- The paper introduces the AI Benchmark suite that objectively evaluates deep learning performance across over 200 Android devices.
- The paper details the evolution of mobile AI hardware, showing significant improvements in inference speed and energy efficiency with each NPU generation.
- The paper examines the trade-offs in deploying floating-point versus quantized models using TensorFlow Lite and NNAPI for optimized mobile AI performance.
Overview of AI Benchmark: Deep Learning Performance on Smartphones
The paper "AI Benchmark: All About Deep Learning on Smartphones in 2019" presents a detailed analysis of the performance of AI accelerators embedded in mobile System-on-Chips (SoCs) from leading manufacturers such as Qualcomm, HiSilicon, Samsung, MediaTek, and Unisoc. With the rapid advancements in mobile AI hardware, the authors conduct an extensive evaluation of how these developments enable the execution of complex deep learning models on smartphones, a task traditionally confined to more powerful desktop GPUs.

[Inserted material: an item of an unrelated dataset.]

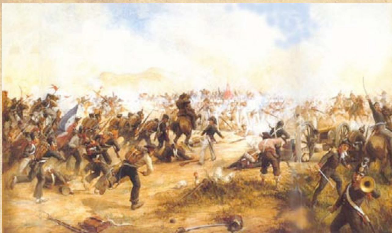
(10) Los batallones de infantería patriotas empezaron a desequilibrar el frente en el ala derecha realista. Óleo de Pedro Subercaseaux, MHN de Chile.

The key contribution of the paper is the AI Benchmark suite, which comprises a series of tests intended to measure the inference speed, accuracy, and memory usage of various deep learning models across a range of mobile devices. By providing a standardized platform for assessing the AI capabilities of smartphones, the benchmark allows for objective comparison and highlights trends in mobile AI advancements.
Hardware Acceleration
The paper details the evolution of mobile AI hardware, observing a substantial improvement in performance with each new generation of mobile NPUs. For instance, the fourth generation of mobile NPUs, as found in SoCs like HiSilicon’s Kirin 990, approaches the performance of desktop-class GPUs from just a few years ago. This leap in capability brings significant implications, suggesting that complex AI tasks can now be feasibly run on mobile platforms.
The authors identify four generations of mobile AI hardware and their associated characteristics, showcasing the progression from initial GPU-accelerated platforms to current dedicated NPU architectures. Qualcomm’s Snapdragon 855, Samsung’s Exynos 9820, MediaTek’s Helio P90, and Unisoc’s Tiger T710 are highlighted as exemplary in enabling efficient AI task execution on smartphones.
Software and Deployment
In a comprehensive review of the Android ML pipeline, the authors discuss the integration of frameworks like TensorFlow Lite, which supports both CPU and specialized hardware acceleration through Android’s Neural Networks API (NNAPI). The transition from TensorFlow Mobile to TensorFlow Lite marks significant progress, with TensorFlow Lite offering reduced binary size and enhanced performance, albeit with some limitations in operation support.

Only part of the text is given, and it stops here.